Turning to spending and while both service and product sale costs were reduced, selling, general and administrative expenses were up 6.1% to $43.7m, while acquisition and integration costs reached $1.5m and depreciation and amortisation $25.0m.

This meant Inspired ended the first half with an operating loss of $21.9m, slightly higher than $21.1m last year, while adjusted earnings before interest, tax, depreciation and amortisation (EBITDA) edged down 1.7% to $11.9m.

Inspired also noted $30.8m in interest expenses, more than double the amount last year, as well as $13.5m in change in fair value of warrant liability, which left additional expenses of $39.0m.

Taking this into account, pre-tax loss amounted to $60.9m, compared to $35.7m.

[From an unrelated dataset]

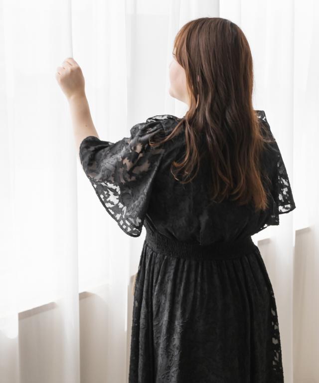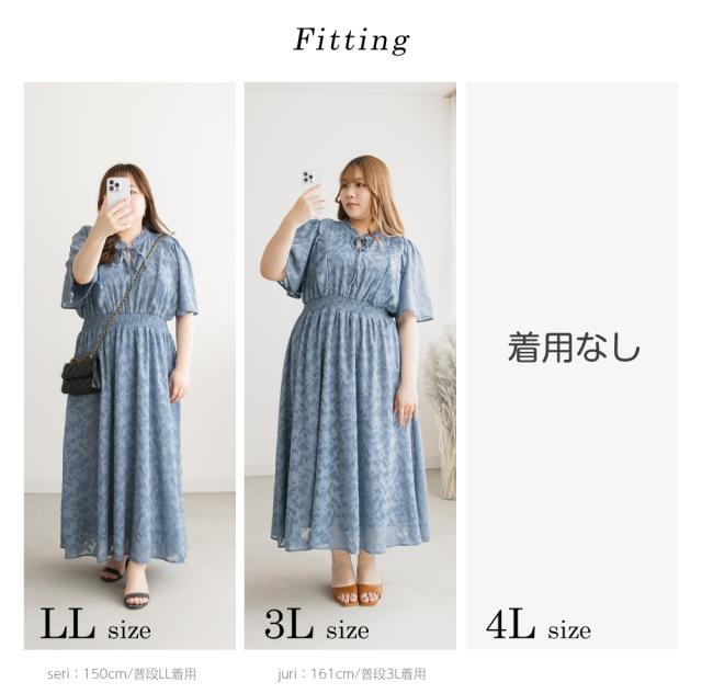 | LLを着て程よいサイズ感でした。バストやヒップは余裕があって、ウエストはシャーリングになっているから柔らかい窮屈感がありません。楽ちんな着心地だけど、メリハリのあるシルエットになっていてすっきりと着こなせます。フリルやリボンなど可愛いポイントがあるものの、大人っぽい花柄生地で仕上げているから、幼くならずに上品な女性らしい着こなしになれます◎袖は裏地無しほのかな透け感があるのも女性らしくて可愛いです。裏地がカットソー素材だから吸水性もあって、暑い時期も快適な着心地です♪ |

Inspired paid $400,000 and despite benefitting from $5.8m in other income, including $5.5m from actuarial gains on its pension plan, comprehensive loss for the half jumped from $38.4m in 2020 to $54.7m.

Looking at the second quarter, revenue in the three months to 30 June reached $41.5m, up 166.0% on last year, with service revenue hiking 145.1% to $37.5m and product sales 1,233.3% to $4.0m.

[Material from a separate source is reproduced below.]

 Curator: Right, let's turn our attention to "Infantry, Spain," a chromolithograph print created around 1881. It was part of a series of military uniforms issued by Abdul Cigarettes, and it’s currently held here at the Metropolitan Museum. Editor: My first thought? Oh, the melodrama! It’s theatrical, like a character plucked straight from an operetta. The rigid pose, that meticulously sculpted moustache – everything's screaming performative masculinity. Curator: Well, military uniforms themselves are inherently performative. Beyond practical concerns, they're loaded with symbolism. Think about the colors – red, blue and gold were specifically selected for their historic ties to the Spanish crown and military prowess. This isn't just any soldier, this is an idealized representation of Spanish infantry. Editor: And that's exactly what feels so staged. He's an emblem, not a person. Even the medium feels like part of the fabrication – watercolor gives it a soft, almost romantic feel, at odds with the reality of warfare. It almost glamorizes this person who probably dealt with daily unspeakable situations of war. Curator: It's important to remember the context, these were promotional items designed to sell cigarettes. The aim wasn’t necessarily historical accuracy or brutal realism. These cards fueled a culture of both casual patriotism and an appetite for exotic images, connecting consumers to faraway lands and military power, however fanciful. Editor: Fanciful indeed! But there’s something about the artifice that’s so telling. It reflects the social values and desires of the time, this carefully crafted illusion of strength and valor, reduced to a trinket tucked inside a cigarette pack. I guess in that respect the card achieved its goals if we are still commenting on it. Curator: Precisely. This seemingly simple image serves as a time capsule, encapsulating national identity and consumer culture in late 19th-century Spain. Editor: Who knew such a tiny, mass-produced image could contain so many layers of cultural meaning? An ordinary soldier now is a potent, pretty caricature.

Breaking this down by product, gaming revenue reached $16.2m, helped by the reopening of retail locations after novel coronavirus (Covid-19) closures, virtual sports revenue hit $8.2m, interactive revenue $5.8m and leisure revenue, also boosted by retail, $11.3m.

Last year’s closure periods meant service and product sales costs were up, while Inspired also saw selling, general and administrative expenses more than double from $12.2m to $28.5m.

Acquisition and integration costs were just $100,000 and depreciation and amortisation $11.9m, meaning operating loss improved from $13.9m to $9.7m and adjusted EBITDA jumped 289.3% to $8.0m.

However, after accounting for $33.8m in other costs, including $22.2m in interest expense and $10.5m in change in fair value of warrant liability, loss before tax widened from $26.2m last year to $43.8m.

Inspired paid $300,000 in income tax and while it received $1.2m in other income, it ended the quarter with a comprehensive loss of $42.6m, compared to $35.0m in 2020.

Executive chairman Lorne Weil said despite the loss, Inspired was pleased with its second-quarter performance, adding that the reopening of retail will help the business moving forward.

“We are pleased with our second quarter results as the majority of our retail businesses steadily reopened throughout the quarter and our interactive business built upon its momentum coming into the quarter to continue its rapid growth trajectory,” Weil said.

“From what we have seen in July and so far in August, this momentum in the interactive business has continued—leading to record-level revenues in July, notwithstanding the reopening of retail customers during the quarter—while our retail businesses appear to have rebounded quickly to roughly pre-Covid levels, as we had forecasted.”

Weil also referenced Inspired’s advancements in North America, saying this area of the business remains a “key driver of growth opportunities”.

“We see the North American online gaming and betting markets as significant opportunities, and we believe we are well positioned in these markets,” Weil said. “We launched our first games into Michigan in the second quarter and North America has now become our second largest Interactive market, with further opportunities as we continue to reach full deployment across Michigan and New Jersey and seek to benefit from opportunities with several additional states.”